ADAR1 May Be Therapeutic Target for SSc: Mouse Study
Researchers study high levels of the ADAR1 protein in macrophages
The protein ADAR1 occurs in great amounts in macrophages, a type of immune cell that appears in the early stages of systemic sclerosis (SSc), making the cells more active and stirring up a “turmoil” of inflammation, a mouse study found.
Researchers also observed that mice in which the disease was induced by injection of a chemical — bleomycin — developed fewer symptoms in their skin and lungs when engineered to have ADAR1 deficiency in macrophages. Their macrophages also made fewer certain inflammatory molecules.
The findings suggest that “targeting ADAR1 could be a potential novel therapeutic strategy for treating sclerosis,” the researchers wrote.
The study, “ADAR1 promotes systemic sclerosis via modulating classic macrophage activation,” was published in the journal Frontiers in Immunology.
Scleroderma is an autoimmune disease that causes inflammation and makes cells produce more collagen than usual, and too much collagen causes tissues to thicken and scar. This is called fibrosis.
Macrophages can detect and remove bacteria and other harmful organisms, and prompt other immune cells to take action in inflammation. Activated macrophages usually are divided into M1-like macrophages and M2-like macrophages; whereas, M1 macrophages are involved mainly in pro-inflammatory responses, M2 macrophages are implicated in anti-inflammatory responses.
ADAR1 (short for adenosine deaminase acting on RNA) is an RNA editor that works by making discrete changes to RNA, the form in which a gene’s information is read by cells. While ADAR1 holds a yet-unclear role in inflammation, it is known that samples of the skin and blood taken from people with SSc are rich in the protein.
To know more, the researchers turned to mice where fibrosis is induced by bleomycin.

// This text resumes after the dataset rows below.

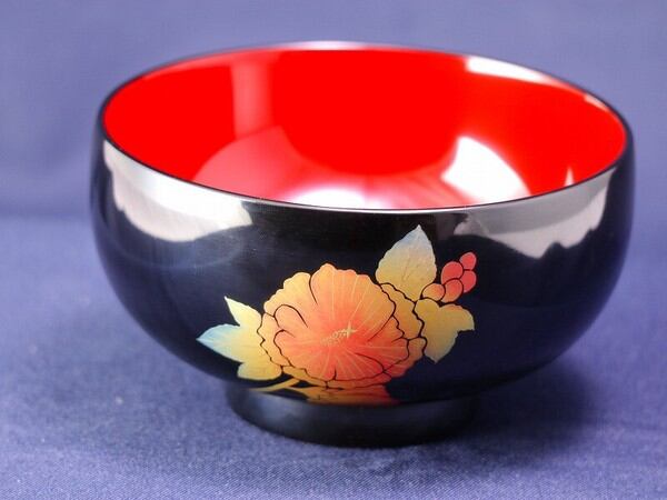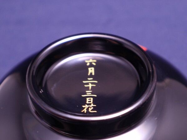 手にぴったり収まるサイズの汁椀。漆塗装なので、熱い汁物を入れても熱が伝わりにくい!お色は黒内朱と朱色の2色。こちらは表が黒色でお椀の中が朱色。お椀の底には六月二十三日の文字入りです。
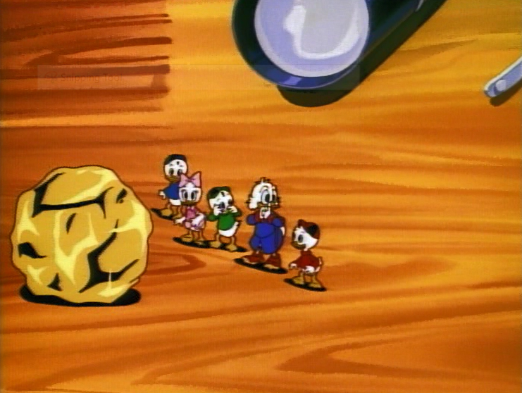 After reaching Gyro, the heroes return to Scrooge’s mansion, unaware that the aliens have returned and taken back the manipulator. Fortunately, the aliens’ ship gets caught in some glue Launchpad was using earlier in the episode. They return everyone back to their original size.
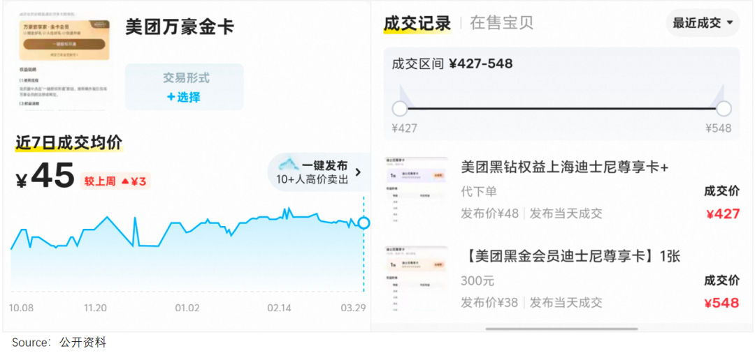 看看二手平台就明白了:许多人正在倒卖美团黑金“迪士尼尊享卡”“万豪金卡”权益,其中不乏溢价卖出的。
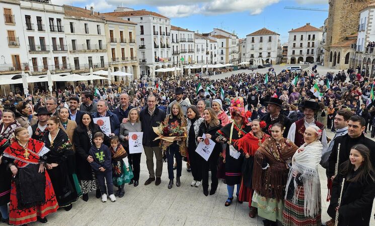 El primer edil ha añadido que "es importante que el motivo de reunirnos hoy en esta plaza sea para que todos juntos podáis bailar El Redoble, esa jota popular cacereña que desde hace unos meses se ha convertido en el himno oficial de nuestra ciudad".
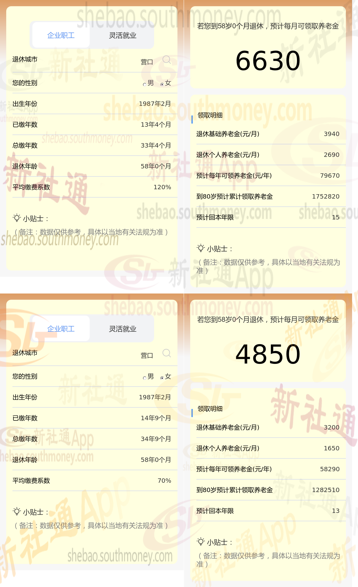 老李:退休城市营口,缴费年限34年,退休年龄58周岁,但是按70%缴纳社保。
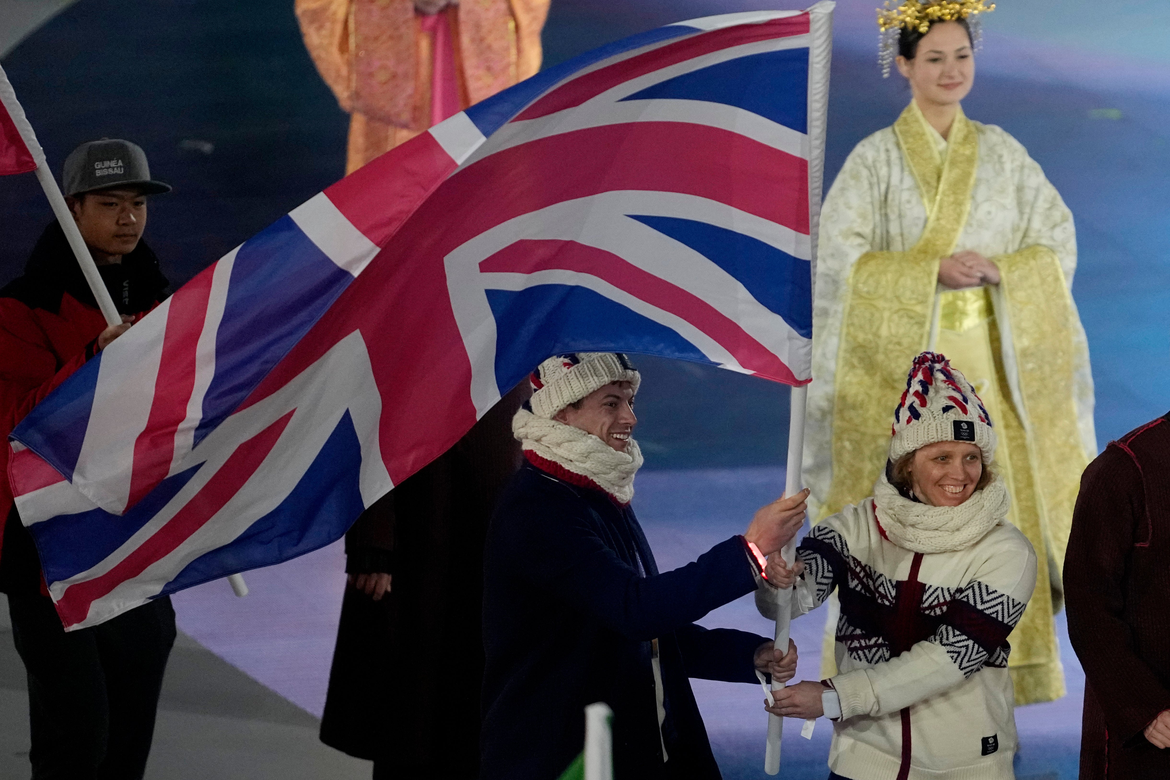 Gold medallists Charlotte Bankes and Matt Weston carried the Union flag at the ceremony, which drew heavily on the region’s historic reputation for arts and beauty.
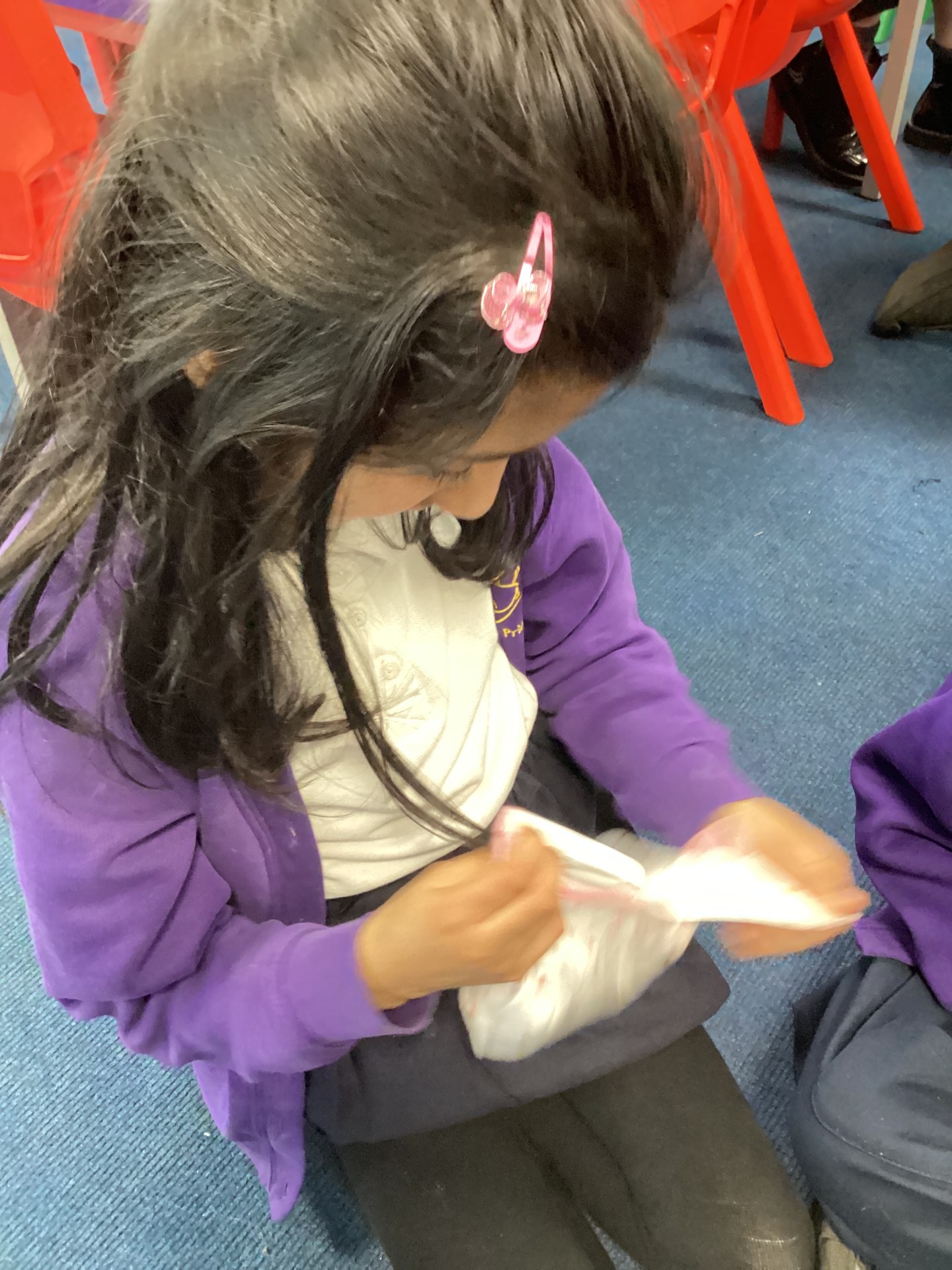 This week in English, we explored the meanings of lots of new unfamiliar vocabulary from the text ‘Wanted: The Perfect Pet’.  We discussed our ideas about the definition of the words, but also used an online dictionary too. We also thought about the feelings of the character duck and we considered why a duck might make a good pet. In Maths this week, we began our Money unit. We discussed the value of coins, we explored how multiple coins can have the same value as a single coin and we calculated the cost of various items using jottings to help us. In DT we explored existing products and investigated how they had been made. We focussed on the joining techniques. Were they stitched, glued or fastened using a zip? In our PRSHE 'Reflection Journals' this week we thought about who we might like to say thank you to and why. We were so proud last week of our wool wrapping efforts. We really enjoyed using a variety of wool to wrap a piece of cardboard. This week we wrapped sticks, which was great fun!

In the skin, RNA levels of ADAR1 increased by almost 10 times in the first day after injection of bleomycin, and those of the protein also were increased significantly after one week. At the same time, there was an increase in the levels of collagen and in skin thickness, which indicates fibrosis. There also was an increase in the number of macrophages.
Two types of lab mice
To better understand the link between ADAR1 and fibrosis, the researchers turned to mice engineered to have ADAR1 deficiency. These mice showed markedly attenuated collagen deposition and skin thickness after bleomycin injection.
Similar observations were made when the researchers used mice lacking any ADAR1 in immune cells that include macrophages. Likewise, lung structure damage induced by bleomycin was alleviated in these mice.
These findings suggested “a crucial role for ADAR1 in the development of SSc,” the researchers wrote.
To find out exactly what ADAR1 does in macrophages, the team compared the levels of inflammatory molecules in the skin with those of wild-type (control) mice.
After injection of bleomycin, the skin of control mice had about three times as much inducible nitric oxide synthase — an enzyme that generates nitric oxide, which has a key role in the development of inflammation — as that of mice lacking ADAR1 in macrophages. It also had about double the amount of interleukin-1beta, a cytokine made by macrophages and other cells that is associated with acute and chronic inflammation.
Afterbleomycin injection, lack of ADAR1 in macrophages significantly blocked activation of nuclear factor-kappa B, a type of molecule that regulates gene activity and turns on M1 macrophages, as opposed to what was found in control mouse skin.
These findings suggest that “ADAR1 appears to promote sclerosis by stimulating macrophage inflammatory response,” the researchers concluded.